When it comes to the story that needs to be told about the experience of Africans in America (African-Americans if you will), the term “Hidden Figures” is an understatement. It is in this term that we can find ourselves, and this term we can identify with. We can remember this term from the recent movie about the NASA mathematicians Katherine Johnson, Dorothy Vaughan and Mary Jackson, who played a crucial role in launching astronaut John Glenn into outer space.
Ironically, this historical event took place in Hampton, Va. The same place where I recently visited to participate in the American Evolution Virginia to America 1619-2019 tour. I was able to visit many historical markers of the African experience in Virginia. Around this time next year, the tour will be hosting the 400-year anniversary of the first Africans’ arrival in America. As you read my recap of this experience, my hope is that you not only are inspired to attend this tour in 2019 but also are moved to research our rich history in this nation—a history that runs deeper than the valleys of the Grand Canyon. We the Africans in America were bought here by force to give white colonizers centuries of free labor from which they still profit to this very day. We are indeed the cornerstones of this nation, the builders who have been rejected.

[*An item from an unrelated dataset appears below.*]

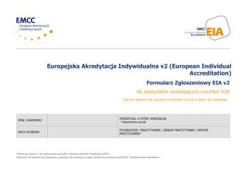 Europejska Akredytacja Indywidualna v2 (European Individual Accreditation) Formularz Zgłoszeniowy EIA v2 dla kandydatów posiadających certyfikat EQA (na tym samym lub wyższym poziomie co EIA, o który się ubiegają) IMIĘ I NAZWISKO DATA ZŁOŻENIA POZIOM EIA, O KTÓRY WNIOSKUJĘ *niepotrzebne usunąć FOUNDATION / PRACTITIONER / SENIOR PRACTITIONER / MASTER PRACTITIONER* Informacje zawarte w tym dokumencie są poufne i stanowią własność intelektualną EMCC. Dokument nie powinien być kopiowany, ujawniany lub omawiany w żaden sposób bez wyraźnej zgody EMCC. Wszelkie prawa zastrzeżone. EIA v2 Przewodnik Kandydata dla osób posiadających certyfikat EQA oraz Struktura Kompetencji EMCC pomogą Ci wypełnić niniejszy formularz. Jeśli posiadasz certyfikat EQA na poziomie niższym niż poziom EIA, o który wnioskujesz, korzystaj z Przewodnika Kandydata EIA v2 dla kandydatów nieposiadających certyfikatu EQA oraz złóż Formularz Zgłoszeniowy EIA v2 dla kandydatów nieposiadających certyfikatu EQA. Uwaga: „posiadacze certyfikatu EQA”, którzy otrzymali go (na tym samym lub wyższym poziomie co akredytacja EIA, o którą się starają) na więcej niż 24 miesiące przed złożeniem wniosku o EIA, muszą także złożyć dziennik refleksji. Można go otrzymać od lokalnych dyrektorów akredytacji w Niemczech, Holandii, Szwecji oraz Wielkiej Brytanii lub (w przypadku innych krajów) pobrać ze strony internetowej EMCC. Twój wniosek (który musi być opatrzony spisem treści z wyraźnie oznaczonymi częściami poprzez indeksowanie, numery stron, etykiety i załączniki) powinien odzwierciedlać strukturę niniejszego formularza. 1. Dane osobowe 2. Praktyka 3. Rozwój zawodowy 4. Dowody kwalifikacji EQA 5. Deklaracja 6. Lista kontrolna © EMCC Maj 2012 Europejska Akredytacja Indywidualna (EIA) v2 Formularz zgłoszeniowy dla kandydatów posiadających certyfikat EQA Strona 2 z 11 1. Dane osobowe Imię i Nazwisko Adres Numer telefonu Numer telefonu komórkowego Adres E-mail Faks Internet Data przystąpienia do EMCC Do jakich innych organizacji należysz? Z jakimi tematami/wątkami najczęściej pracujesz jako coach/mentor? Opisz typy klientów, z którymi najczęściej pracujesz © EMCC Maj 2012 Europejska Akredytacja Indywidualna (EIA) v2 Formularz zgłoszeniowy dla kandydatów posiadających certyfikat EQA Strona 3 z 11 Oświadczenie osobiste (wraz z odniesieniem się do Kodeksu Etyki i Oświadczenia o Różnorodności) OŚWIADCZENIE OSOBISTE [Tu wprowadź tekst – 300-500 słów] Prosimy także o załączenie kopii aktualnego życiorysu. © EMCC Maj 2012 Europejska Akredytacja Indywidualna (EIA) v2 Formularz zgłoszeniowy dla kandydatów posiadających certyfikat EQA Strona 4 z 11 2. Praktyka 2.1 Okres doświadczenia OKRES DOŚWIADCZENIA [Tu wprowadź tekst] 2.2 Liczba godzin konsultacji z klientami i liczba klientów DATA (OD-DO) KLIENT TYP ORGANIZACJI KLIENTA/ NAZWA STANOWISKO KLIENTA LICZBA GODZIN PRZEPRACOWANY ZAKRES SPRAW KOMENTARZ EGZAMINATORA [w razie potrzeby wprowadź więcej wierszy] Całkowita liczba godzin Całkowita liczba Klientów 2.3 Informacje zwrotne od Klientów (wymaganych jest 5 informacji) Informacje zwrotne od klientów znajdują się w załącznikach do wniosku © EMCC Maj 2012 Tak/Nie Europejska Akredytacja Indywidualna (EIA) v2 Formularz zgłoszeniowy dla kandydatów posiadających certyfikat EQA Strona 5 z 11 3. Rozwój zawodowy OPISZ SWOJE PODEJŚCIE DO USTAWICZNEGO ROZWOJU ZAWODOWEGO NA PRZESTRZENI OSTATNICH 12 MIESIĘCY [Tu wprowadź tekst] 3.1 Ustawiczny Rozwój Zawodowy – wykaz godzin DATA LICZBA GODZIN WYDARZENIE/DZIAŁANIE KOMPETENCJE OBJĘTE KSZTAŁCENIEM KOMENTARZ EGZAMINATORA [w razie potrzeby wprowadź więcej wierszy] Całkowita liczba godzin © EMCC Maj 2012 Europejska Akredytacja Indywidualna (EIA) v2 Formularz zgłoszeniowy dla kandydatów posiadających certyfikat EQA Strona 6 z 11 3.2 Superwizja mentora/coacha - wykaz godzin DATA LICZBA GODZIN RODZAJ KOMPETENCJE OBJĘTE KSZTAŁCENIEM KOMENTARZ EGZAMINATORA [w razie potrzeby wprowadź więcej wierszy] Całkowita liczba godzin superwizji (ostatnie 12 miesięcy) Całkowita liczba godzin mentoringu/coachingu (ostatnie 12 miesięcy) Stosunek superwizji do wykonanego mentoringu/coachingu (ostatnie 12 miesięcy) – superwizja : mentoring/coaching Imię i nazwisko superwizora : Podpis superwizora: Data: [Opisz szczegóły dotyczące kwalifikacji i/lub doświadczenia superwizora] Komentarz superwizora [Tu wprowadź tekst] © EMCC Maj 2012 Europejska Akredytacja Indywidualna (EIA) v2 Formularz zgłoszeniowy dla kandydatów posiadających certyfikat EQA Strona 7 z 11 3.3 Wkład w rozwój zawodu (tylko dla kandydatów do akredytacji Master Practitioner) DATA DZIAŁANIE W JAKI SPOSÓB DZIAŁANIE PRZYCZYNIŁO SIĘ DO ROZWOJU MENTORINGU/COACINGU KOMENTARZ EGZAMINATORA [w razie potrzeby wprowadź więcej wierszy] © EMCC Maj 2012 Europejska Akredytacja Indywidualna (EIA) v2 Formularz zgłoszeniowy dla kandydatów posiadających certyfikat EQA Strona 8 z 11 4. Dowody kwalifikacji EQA Jako kandydat posiadający certyfikat akredytowanego przez Europejską Nagrodę Jakości programu szkoleniowego („Organizacja udzielająca EQA” – „EQA Provider”) dotyczącego coachingu/mentoringu (na tym samym lub wyższym poziomie, co akredytacja, o którą się ubiegasz), nie jesteś zobowiązany do przedstawienia dowodów kompetencji poprzez studia przypadku i/lub Strukturę Kompetencji EMCC. Jesteś jedynie zobowiązany/a do przedstawienia szczegółów dotyczących ukończonego szkolenia oraz do załączenia do wniosku kopii dyplomu/certyfikatu. Certyfikat/dyplom EQA DATA ORGANIZACJA UDZIELAJĄCA EQA © EMCC Maj 2012 POZIOM MIEJSCE NAZWA PROGRAMU SZKOLENIOWEGO KOMENTARZ EGZAMINATORA Europejska Akredytacja Indywidualna (EIA) v2 Formularz zgłoszeniowy dla kandydatów posiadających certyfikat EQA Strona 9 z 11 5. Deklaracja Oświadczam, że informacje zawarte w złożonym przeze mnie wniosku są prawd

Let’s begin at Ft. Monroe, where the tour began. On our first stop, we were able to visit the marker of the first Africans’ arrival in America. This portion of our tour was led by Terry Brown, superintendent of the Fort Monroe National Monument, with assistance from his colleagues, Phyllis Terrell, director of Communications of Fort Monroe, and Glenn Oder, executive director of the Fort Monroe Authority. The marker is a symbol of the time in August 1619, when on board an English ship, the White Lion, sailing with Dutch letter of marque, 21 Africans who were captured from land that would become the country of Angola arrived as cargo to what is known today as Ft. Monroe. These Africans, who were traded for food, were the first of our ancestors to arrive in what was known as colonized English America. “These Africans became crucial to the survival of the Europeans, eventually becoming the foundation of Virginias agricultural system and essential to its economic viability,” stated American Evolution.
As Brown continued on through our tour, we were bought to the actual war fort, which in the year 1819, 200 after the arrival of the first Africans in colonized America, the enslaved Africans were contracted to build. We learned here that there is an account and record of every enslaved African’s work log, as well as how much profit their European “masters” made from their free labor. As we were taken down the timeline of Ft. Monroe, we also learned that 42 years after enslaved Africans built the fort, May 24, 1861, three enslaved Africans by the name of Frank Baker, Sheppard Mallory and James Townsend, on a quest for freedom set out by boat and arrived at Ft. Monroe where they asked for sanctuary. This incident occurred during the Civil War, and the Confiscation Act required all escaped slaves whose owners were not in rebellion against the Union to be returned to the individuals who claimed to own them. At this time, post commander General Benjamin Butler decided that these Africans, who were considered property by law, would be declared as contraband of rather than handed over to the emissary who came the next morning to claim them. This declaration marked the beginning of what would be known as Freedoms Fortress. As word spread through the African-American community, Ft. Monroe became the new home for many enslaved Africans searching for freedom.